Note: Story originally published in the Statesman Journal. Written by Carol McAlice Currie and Zach Urness.

On the inside of a crevasse high on Mount Jefferson, between vertical walls of blue ice, Alison Fountain cradles the head of her husband, Tommy.

She speaks to him softly every few minutes, checking his vital signs in the straightforward manner of the veteran nurse she is, even as her stomach knots with anxiety.

“Tommy, are you still with me? I love you. Help is on the way.”

Tommy and Alison Fountain pose for a picture on Mount Jefferson during a 2014 trip. Photo courtesy of Alison Fountain.

There are broken bones in his hands and arms, but that’s not what has Alison worried. She’s watching his breathing and alertness, observing the way he answers questions to determine the progress of the traumatic head injury slowly swelling his brain.

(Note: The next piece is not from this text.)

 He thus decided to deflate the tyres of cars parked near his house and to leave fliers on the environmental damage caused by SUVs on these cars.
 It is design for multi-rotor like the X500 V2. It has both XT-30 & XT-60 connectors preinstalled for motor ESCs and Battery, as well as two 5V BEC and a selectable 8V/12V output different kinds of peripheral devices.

Alison layers him in all the dry clothing they have — three jackets, two pairs of pants, long sleeves, long underwear, emergency blankets, hat, gloves, ski mask, wool socks, Buffs. She moves him to a place in the crevasse safe from falling rocks.

“I’m here,” Tommy says. “I’m with you.”

Every 15 minutes or so, she walks toward the mouth of the crevasse, ice popping and crunching under her spiked crampons, to search for cellphone service and the status of a rescue effort launched a few hours earlier, just after the accident.

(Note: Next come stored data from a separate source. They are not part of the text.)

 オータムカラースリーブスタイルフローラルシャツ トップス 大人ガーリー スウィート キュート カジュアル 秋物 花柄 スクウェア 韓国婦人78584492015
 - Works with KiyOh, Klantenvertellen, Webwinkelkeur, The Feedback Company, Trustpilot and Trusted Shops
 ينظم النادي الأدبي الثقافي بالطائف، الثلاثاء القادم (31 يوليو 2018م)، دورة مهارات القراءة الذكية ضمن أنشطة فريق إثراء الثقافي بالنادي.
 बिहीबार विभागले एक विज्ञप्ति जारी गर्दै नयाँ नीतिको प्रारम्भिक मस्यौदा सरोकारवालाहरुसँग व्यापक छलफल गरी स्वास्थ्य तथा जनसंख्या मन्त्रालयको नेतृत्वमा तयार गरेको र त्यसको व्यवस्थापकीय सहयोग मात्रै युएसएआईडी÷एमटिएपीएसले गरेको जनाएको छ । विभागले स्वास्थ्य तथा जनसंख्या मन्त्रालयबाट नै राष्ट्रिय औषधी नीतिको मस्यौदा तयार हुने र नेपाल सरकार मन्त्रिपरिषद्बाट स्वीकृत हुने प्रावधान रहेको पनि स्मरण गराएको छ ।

Mount Jefferson is clear and cold this night, around 5 degrees at their 8,900-foot elevation. Moonlight is spreading milky light across the crags and ice-polished glaciers below the summit of Oregon’s second-tallest mountain.

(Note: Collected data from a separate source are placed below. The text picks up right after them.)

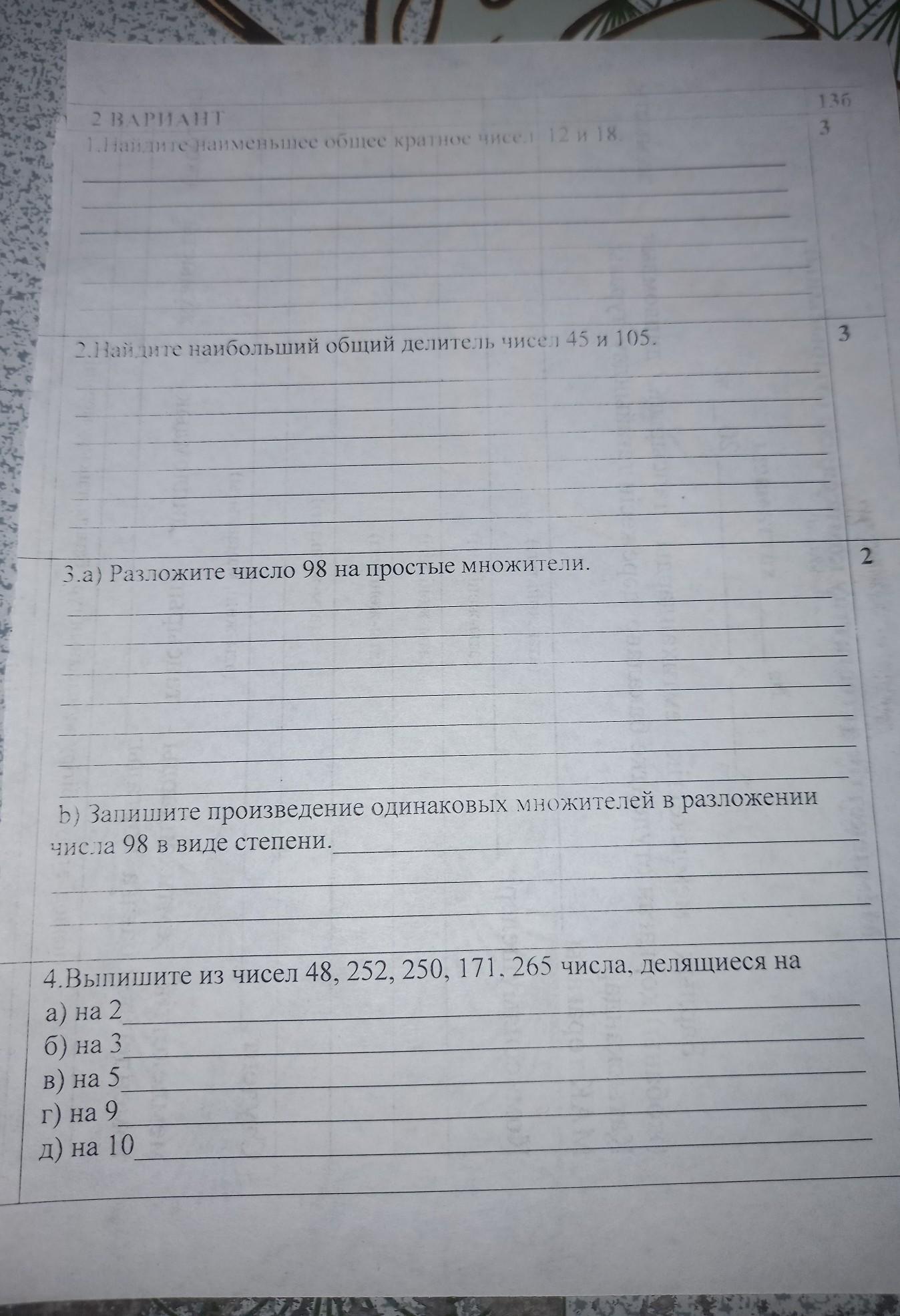 Разложите на простые множители число: а) 98, б) 76, в) 175, г) 216, д) 728, е) 240.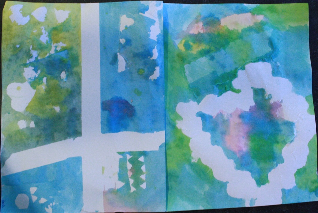 Today we used painter's tape and foam stickers to create some resist paintings. The kids made pictures, letters, and designs using the tape and stickers (and worked really hard at peeling the backs off the stickers and learning how to rip the tape off the roll - great fine motor work!), and then used watercolors to paint around their designs. Once they were done painting, most of the kids peeled off all of their designs to see the picture that it left underneath!
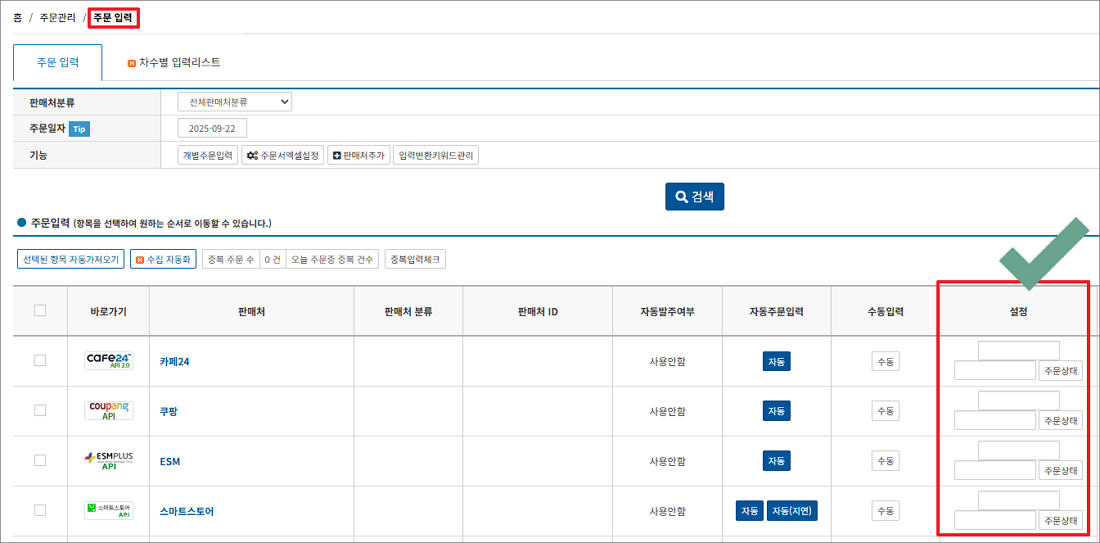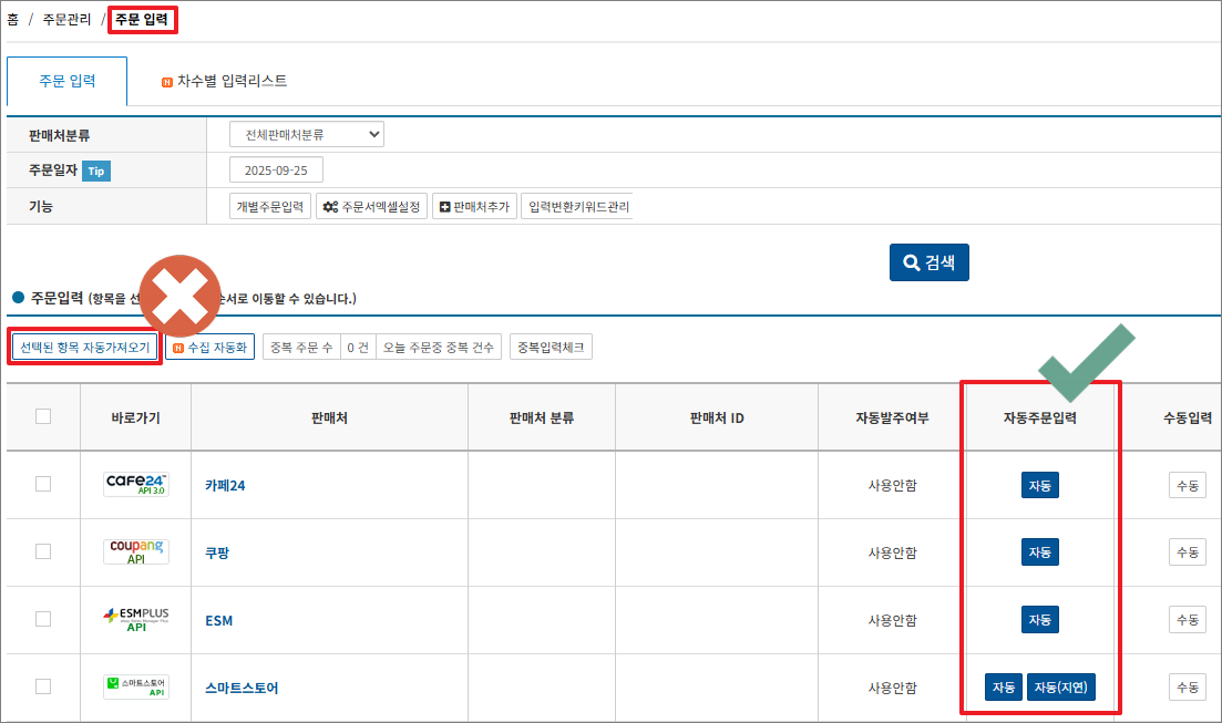 [주문 수집 판매처별 자동 버튼 사용 방법]

Her phone lights up, cutting brightly through the darkness.

“Emergency crews are dispatched. Turn your phone off until you need it,” says a text message from her brother, Dalen Ashby.

She aims a flashing headlamp into the sky, hoping to catch the attention of the rescue teams and then returns to Tommy. His breathing is starting to become labored. She knows instinctively time is running out.

Then there is a sound.

It’s distant at first, far off. But soon the thump-thump-thump of helicopter blades breaks the silence.

Alison sprints toward the opening in the crevasse, jumping and flailing her arms, flashing the headlamp.

A spotlight breaks the darkness, finding her at the mouth of the crevasse.

Alison drops to her knees in relief, crying with happiness.

The helicopter hovers for a moment and then does something she doesn’t expect. It turns and vanishes into the night, leaving them alone, two tiny specks on a huge white mountain under a canopy of distant stars.